The lines below, from the one holding "Кинезио тейп/лента для" through the one holding "Avisa, Edelstahl Heckstoßstangenschutz", are to be restated word for word, with all images left out.

Exercise inputs START

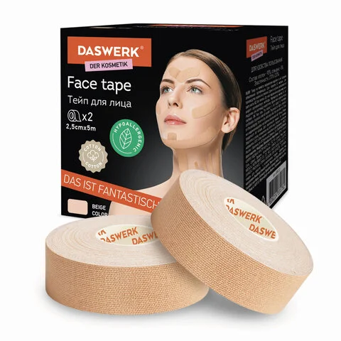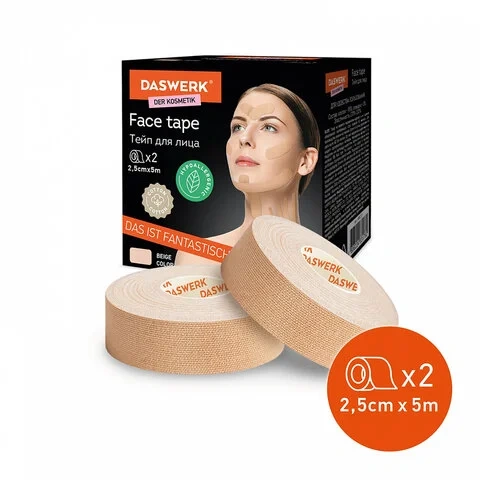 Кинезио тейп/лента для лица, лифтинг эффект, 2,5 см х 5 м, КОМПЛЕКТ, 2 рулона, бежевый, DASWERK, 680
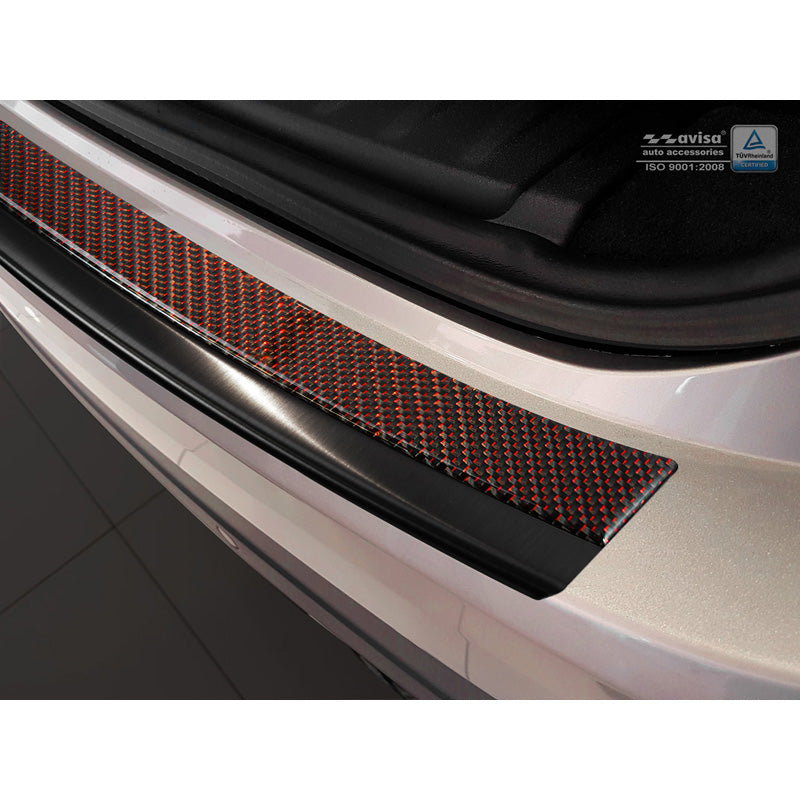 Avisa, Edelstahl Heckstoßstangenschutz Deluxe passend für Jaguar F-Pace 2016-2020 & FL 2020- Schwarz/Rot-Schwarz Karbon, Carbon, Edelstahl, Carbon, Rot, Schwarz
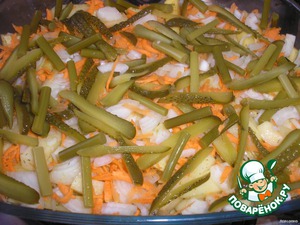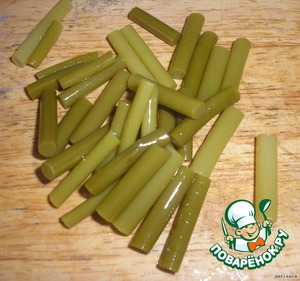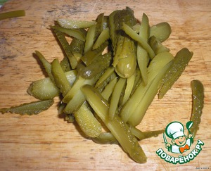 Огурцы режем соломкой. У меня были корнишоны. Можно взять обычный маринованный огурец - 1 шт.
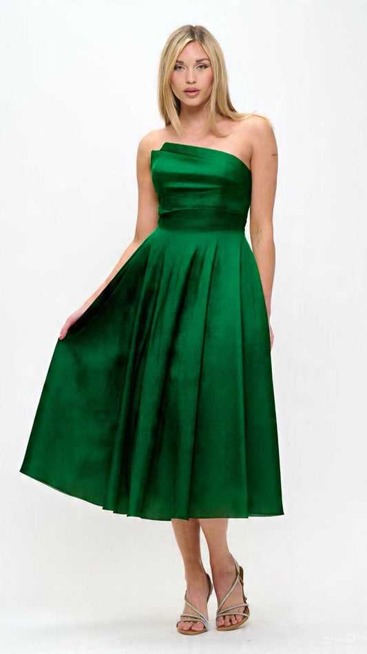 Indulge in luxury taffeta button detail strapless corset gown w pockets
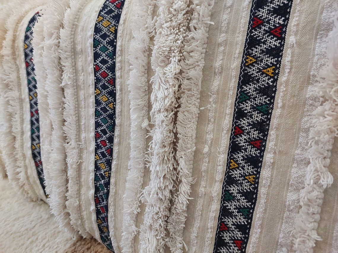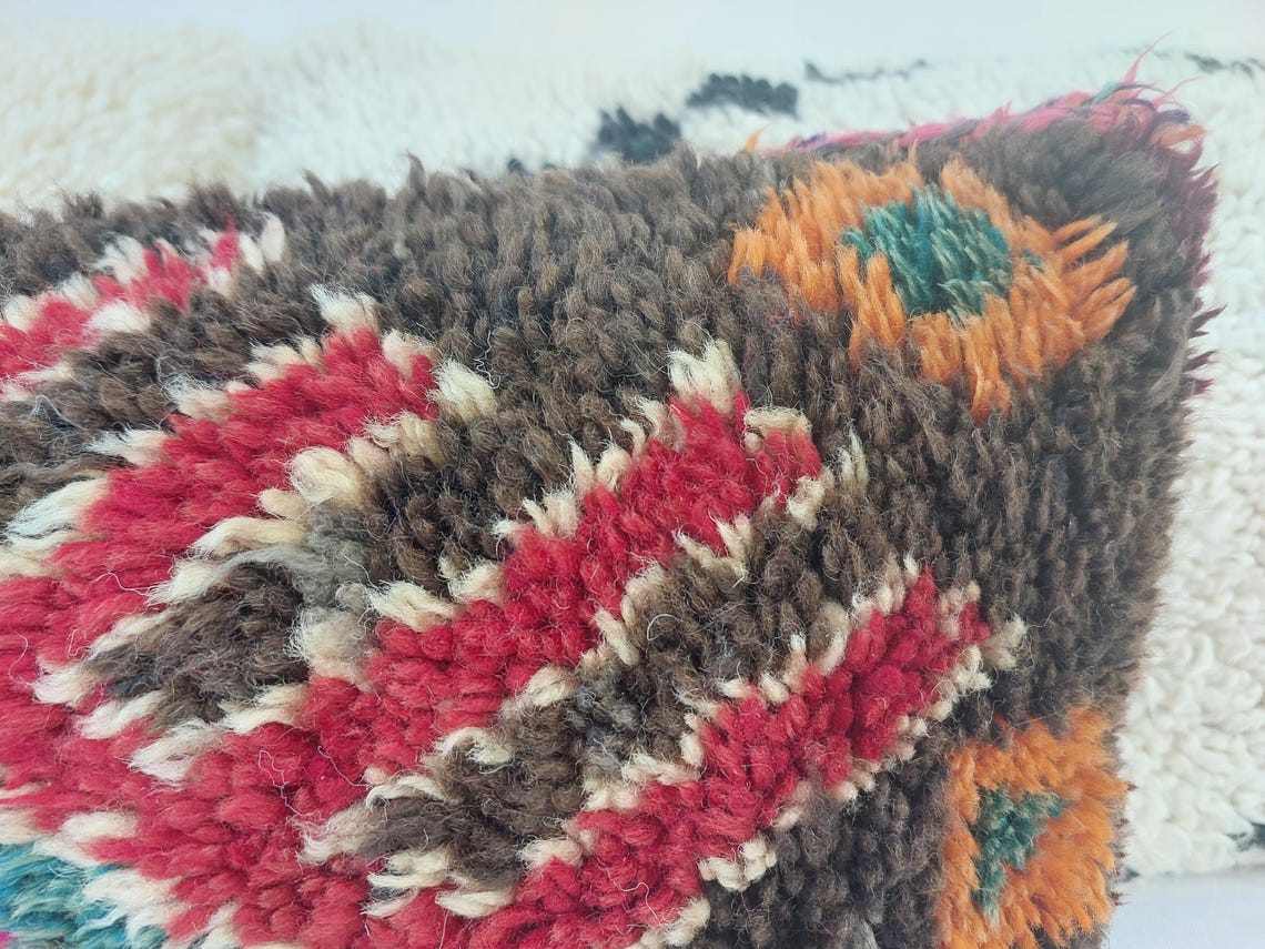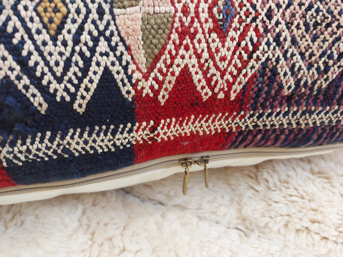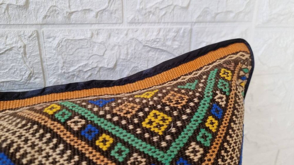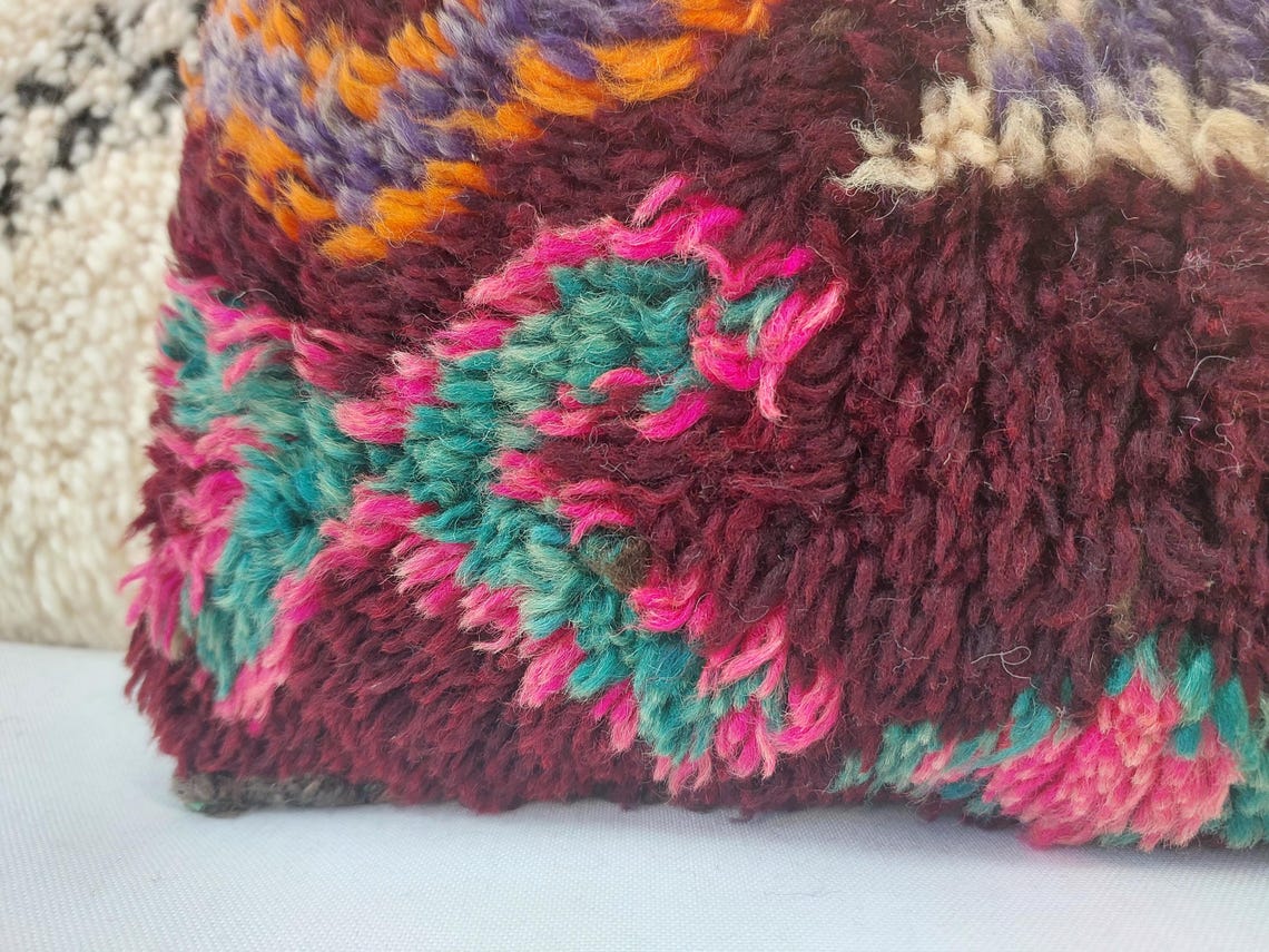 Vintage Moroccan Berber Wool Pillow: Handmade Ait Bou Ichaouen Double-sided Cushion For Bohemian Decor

Exercise inputs END
Exercise inputs START

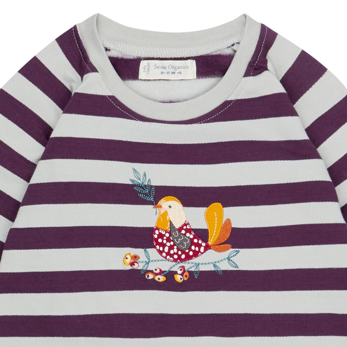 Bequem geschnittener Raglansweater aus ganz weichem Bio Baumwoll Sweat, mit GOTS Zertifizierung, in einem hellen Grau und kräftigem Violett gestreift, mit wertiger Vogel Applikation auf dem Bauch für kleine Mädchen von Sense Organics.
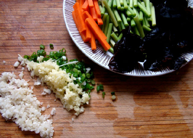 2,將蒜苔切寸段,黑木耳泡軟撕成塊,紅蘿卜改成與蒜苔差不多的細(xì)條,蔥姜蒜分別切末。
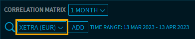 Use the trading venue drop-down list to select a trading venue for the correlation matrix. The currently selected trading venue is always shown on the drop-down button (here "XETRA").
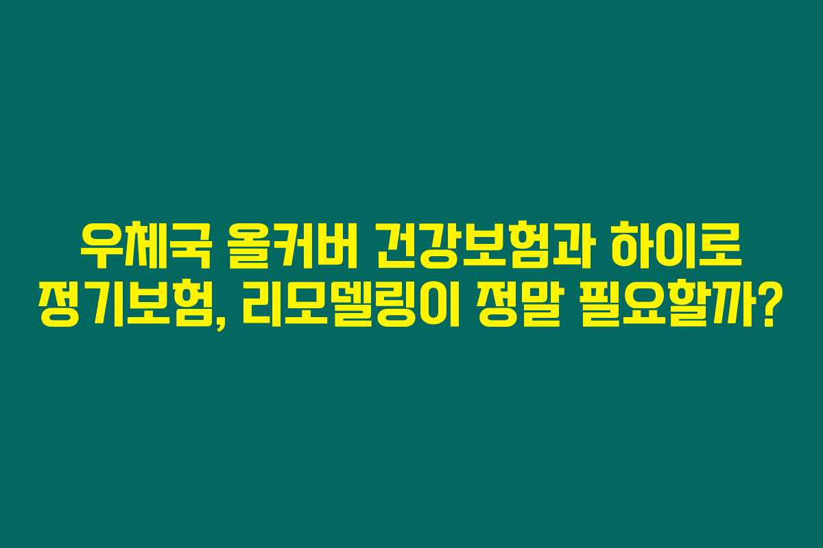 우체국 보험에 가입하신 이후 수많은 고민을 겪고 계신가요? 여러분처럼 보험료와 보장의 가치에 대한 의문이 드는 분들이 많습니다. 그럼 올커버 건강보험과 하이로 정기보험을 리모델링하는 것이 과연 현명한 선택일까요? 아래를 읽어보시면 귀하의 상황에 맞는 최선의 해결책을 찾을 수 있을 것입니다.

Exercise inputs END
Exercise inputs START

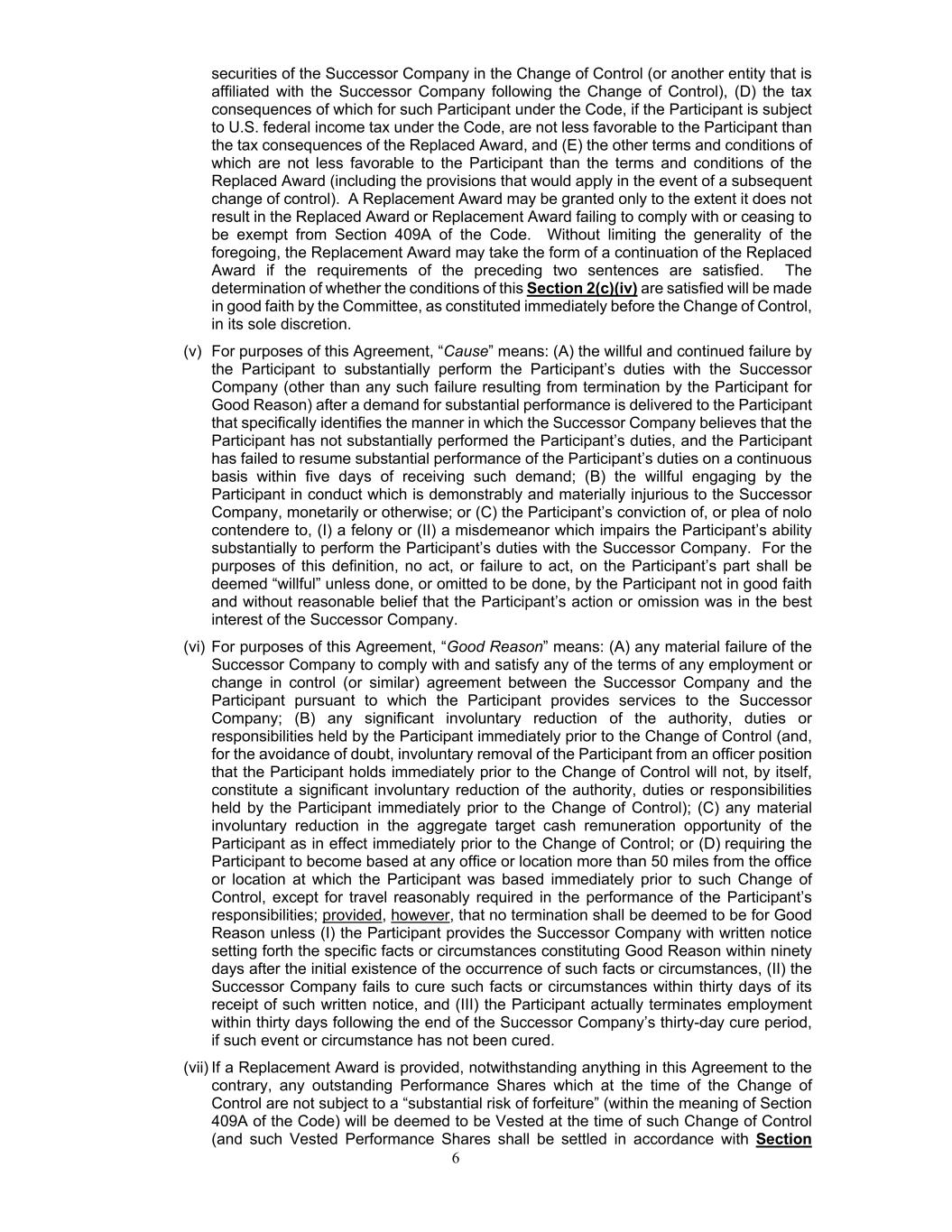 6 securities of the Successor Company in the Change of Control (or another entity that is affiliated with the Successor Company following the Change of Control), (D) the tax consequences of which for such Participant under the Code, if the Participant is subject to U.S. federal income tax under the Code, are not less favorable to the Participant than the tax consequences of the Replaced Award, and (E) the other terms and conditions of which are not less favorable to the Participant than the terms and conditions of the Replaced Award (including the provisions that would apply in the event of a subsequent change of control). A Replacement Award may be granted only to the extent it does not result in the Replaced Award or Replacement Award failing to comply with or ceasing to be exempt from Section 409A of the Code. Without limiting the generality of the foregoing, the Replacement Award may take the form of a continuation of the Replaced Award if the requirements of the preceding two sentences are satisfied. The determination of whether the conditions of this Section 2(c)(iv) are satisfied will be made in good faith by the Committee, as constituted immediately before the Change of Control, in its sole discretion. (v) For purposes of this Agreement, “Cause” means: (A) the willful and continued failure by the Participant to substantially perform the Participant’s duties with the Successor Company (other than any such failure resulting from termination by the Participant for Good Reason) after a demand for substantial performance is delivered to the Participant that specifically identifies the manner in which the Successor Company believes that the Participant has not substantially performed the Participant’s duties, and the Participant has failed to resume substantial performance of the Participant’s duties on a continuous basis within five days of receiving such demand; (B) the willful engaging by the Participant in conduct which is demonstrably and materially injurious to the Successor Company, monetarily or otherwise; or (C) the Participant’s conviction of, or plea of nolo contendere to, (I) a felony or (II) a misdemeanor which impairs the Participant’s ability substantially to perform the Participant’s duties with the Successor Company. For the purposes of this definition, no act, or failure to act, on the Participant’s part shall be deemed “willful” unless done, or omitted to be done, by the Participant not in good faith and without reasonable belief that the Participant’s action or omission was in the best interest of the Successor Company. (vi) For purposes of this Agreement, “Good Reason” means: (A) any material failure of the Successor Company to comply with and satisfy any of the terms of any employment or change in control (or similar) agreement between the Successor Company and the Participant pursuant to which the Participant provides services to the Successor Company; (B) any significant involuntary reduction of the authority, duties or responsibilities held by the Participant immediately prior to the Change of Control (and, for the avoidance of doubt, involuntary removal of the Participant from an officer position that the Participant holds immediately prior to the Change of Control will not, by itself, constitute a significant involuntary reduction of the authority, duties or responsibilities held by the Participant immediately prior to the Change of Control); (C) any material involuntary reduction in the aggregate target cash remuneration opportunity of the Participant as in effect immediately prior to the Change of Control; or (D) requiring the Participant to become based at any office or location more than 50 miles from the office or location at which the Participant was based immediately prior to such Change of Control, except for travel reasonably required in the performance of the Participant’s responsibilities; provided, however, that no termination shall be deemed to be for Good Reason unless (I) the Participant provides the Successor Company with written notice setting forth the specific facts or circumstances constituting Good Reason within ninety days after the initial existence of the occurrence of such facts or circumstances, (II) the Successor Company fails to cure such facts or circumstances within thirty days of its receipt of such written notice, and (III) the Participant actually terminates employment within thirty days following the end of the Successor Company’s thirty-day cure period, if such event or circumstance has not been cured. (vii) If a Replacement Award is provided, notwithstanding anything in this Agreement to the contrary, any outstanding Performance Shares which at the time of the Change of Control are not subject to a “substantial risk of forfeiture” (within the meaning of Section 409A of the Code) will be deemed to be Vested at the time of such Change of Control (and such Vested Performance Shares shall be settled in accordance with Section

Exercise inputs END

▸ Result of the exercise
 Кинезио тейп/лента для лица, лифтинг эффект, 2,5 см х 5 м, КОМПЛЕКТ, 2 рулона, бежевый, DASWERK, 680
 Avisa, Edelstahl Heckstoßstangenschutz Deluxe passend für Jaguar F-Pace 2016-2020 & FL 2020- Schwarz/Rot-Schwarz Karbon, Carbon, Edelstahl, Carbon, Rot, Schwarz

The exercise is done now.